Теперь в неясном приглушенном свете он видел очертания коридора перед собой, а на выгнутой крыше у себя над головой — какую-то надпись. Он повернул голову, хотя это вызывало боль, но вход, через который он сюда проник, казалось, исчез, и он уже не знал в точности, где находится. Он попытался двинуться вперед — в округе часто говорили (и взрослые, и дети), что в этом лабиринте есть один лаз, ведущий прямо в церковь. Конечно, надо попытаться двигаться именно в этом направлении.

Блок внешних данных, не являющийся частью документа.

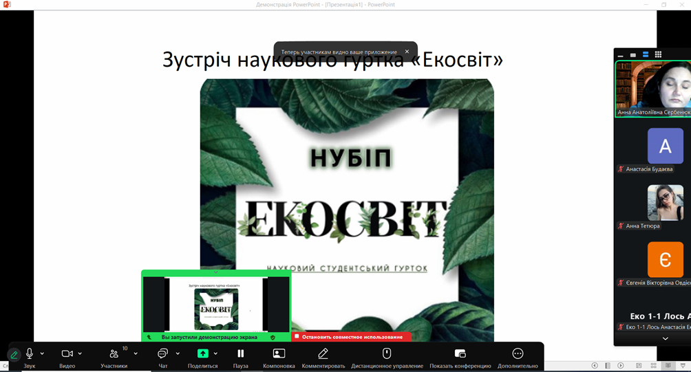 Онлайн-зустріч учасників наукового гуртка «Екосвіт»

Он отполз назад, в центр коридора, и приподнялся на руках; опираясь на локти, он подтягивал вслед за ними все тело, ни на миг не опуская при этом головы, чтобы видеть, что перед ним. Медленно продвигаясь вперед, он решил было, что услышал какой-то звук, скребущийся звук в конце коридора, откуда только что выбрался; он в ужасе повернул голову, но там ничего не было видно. Теперь, несмотря на холод, разлитый в воздухе, Томасу было жарко; почувствовав, как по лбу и крыльям носа сбегает пот, он принялся слизывать языком капли, набухавшие на верхней губе. Боль в ноге, казалось, пульсировала вместе с биением сердца, и он начал вслух вести счет, но тут же заплакал при звуке собственного голоса. Он полз мимо комнатушек или камер, которые находились за пределами его обыкновенного зрения, и все-таки старался двигаться тихо, чтобы не беспокоить тех, кто мог обитать в этом месте. Мучения заставили его забыть, что он по-прежнему движется вперед, хотя рот его был раскрыт и он, задыхаясь, ловил воздух.

Потом с ним произошла перемена: боль в ноге исчезла, и он почувствовал, как пот на лице высыхает. Остановившись, он сменил позу, снова прислонился к холодной стене, а после — голосом ясным, спокойным — затянул песенку, выученную много лет назад:

Возведем из кирпича, Кирпича, кирпича, Возведем из кирпича, Что, хозяйка, скажете? Краток век у кирпича, Кирпича, кирпича, Краток век у кирпича, Что, хозяйка, скажете?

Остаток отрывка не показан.